------ Source data

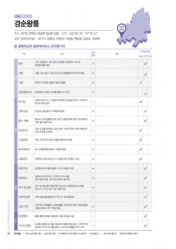 No. 연천- 연천 019 본 생태자산의 생태계서비스 간이평가지 구분 예시 평가 등급 설명 규모별 혜택 지점 지역 국가 공급 담수 식수, 농업용수, 축산 용수 등 물을 저장하여 식수 및 농업용수를 제공 0 √ 식량 곡물, 과실, 물고기 등 인간 및 야생동물에게 먹거리 제공 0 √ 자원 목재나 약재 등 상품의 재료로 활용 0 √ 친환경에너지 태양열이나 풍력, 조력을 통해 전기 생산 0 √ 조절 대기질 자동차 배기가스, 산업체 대기오염, 농업발생 먼지, 미세먼지 등 대기오염 감소 + √ 기후조절 온실가스를 줄이고 기후변화 완화 0 √ 홍수 재해 홍수로 인한 범람에 대한 조절, 집중강우에 대한 조절 폭우로 인한 홍수피해 저감 0 √ 토양유실 토양 소실을 방어하는 밀도 높은 식생의 존재, 비와 바람으로 인한 토양유...
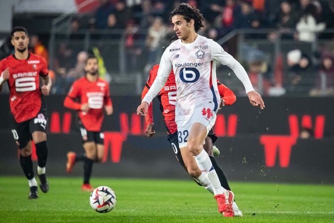 Ayyoub Bouaddi (Lille OSC) - Match de Ligue 1 McDonald's "Rennes - Lille (0-2)" au Roazhon Park, le 16 février 2025. Huit mois après son malaise cardio-respiratoire, le milieu de terrain Nabil Bentaleb, autorisé à jouer avec un défibrilateur, une première en Ligue 1, a ouvert le score pour son grand retour avec son équipe du LOSC. Ligue 1 McDonald's match "Rennes - Lille (0-2)" at Roazhon Park, February 16, 2025. Eight months after his cardio-respiratory malaise, midfielder Nabil Bentaleb, authorized to play with a defibrillator, a first in Ligue 1, opened the scoring for his big comeback with his LOSC team.
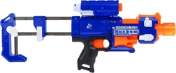 Blaze Storm is een betrouwbare schuimblaster in blauw-oranje uitvoering die elke jonge fan van actiegames zal bekoren. Dankzij de automatische elektrische aandrijving op 3× AA-batterijen en het voorladen genieten kinderen van soepel en veilig speelplezier. De laserzoeker (2× LR44 meegeleverd) helpt nauwkeurig richten, terwijl het venster voor het verwijderen van vastgelopen munitie een probleemloze werking garandeert.
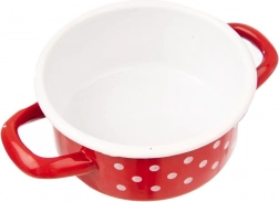 De retro geëmailleerde pan TECKA in rood met witte stippen is een praktische hulp voor het dagelijks bereiden van sauzen, soepen en bijgerechten. Het hoogwaardige geëmailleerde oppervlak is hygiënisch, veilig voor allergiepatiënten en krasbestendig. Twee zijhandgrepen vergemakkelijken het dragen en serveren direct op tafel.
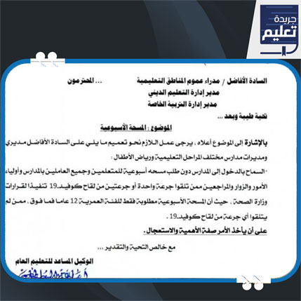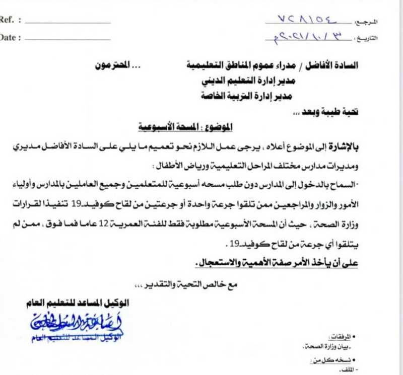 وأكد الوكيل المساعد للتعليم العام أسامة السلطان في تعميم حصلت «القبس» على نسخة منه، أن المسحة الأسبوعية مطلوبة فقط للفئة العمرية من 12 عاماً فما فوق، ممن لم يتلقوا أي جرعة من لقاح كوفيد-19.

------------

- [Try it]
Starting at the line that holds "De retro geëmailleerde" and stopping at the last line of the listing above, write out each line exactly as it appears, and omit the pictures.

- [Solved exercise]
 De retro geëmailleerde pan TECKA in rood met witte stippen is een praktische hulp voor het dagelijks bereiden van sauzen, soepen en bijgerechten. Het hoogwaardige geëmailleerde oppervlak is hygiënisch, veilig voor allergiepatiënten en krasbestendig. Twee zijhandgrepen vergemakkelijken het dragen en serveren direct op tafel.
 وأكد الوكيل المساعد للتعليم العام أسامة السلطان في تعميم حصلت «القبس» على نسخة منه، أن المسحة الأسبوعية مطلوبة فقط للفئة العمرية من 12 عاماً فما فوق، ممن لم يتلقوا أي جرعة من لقاح كوفيد-19.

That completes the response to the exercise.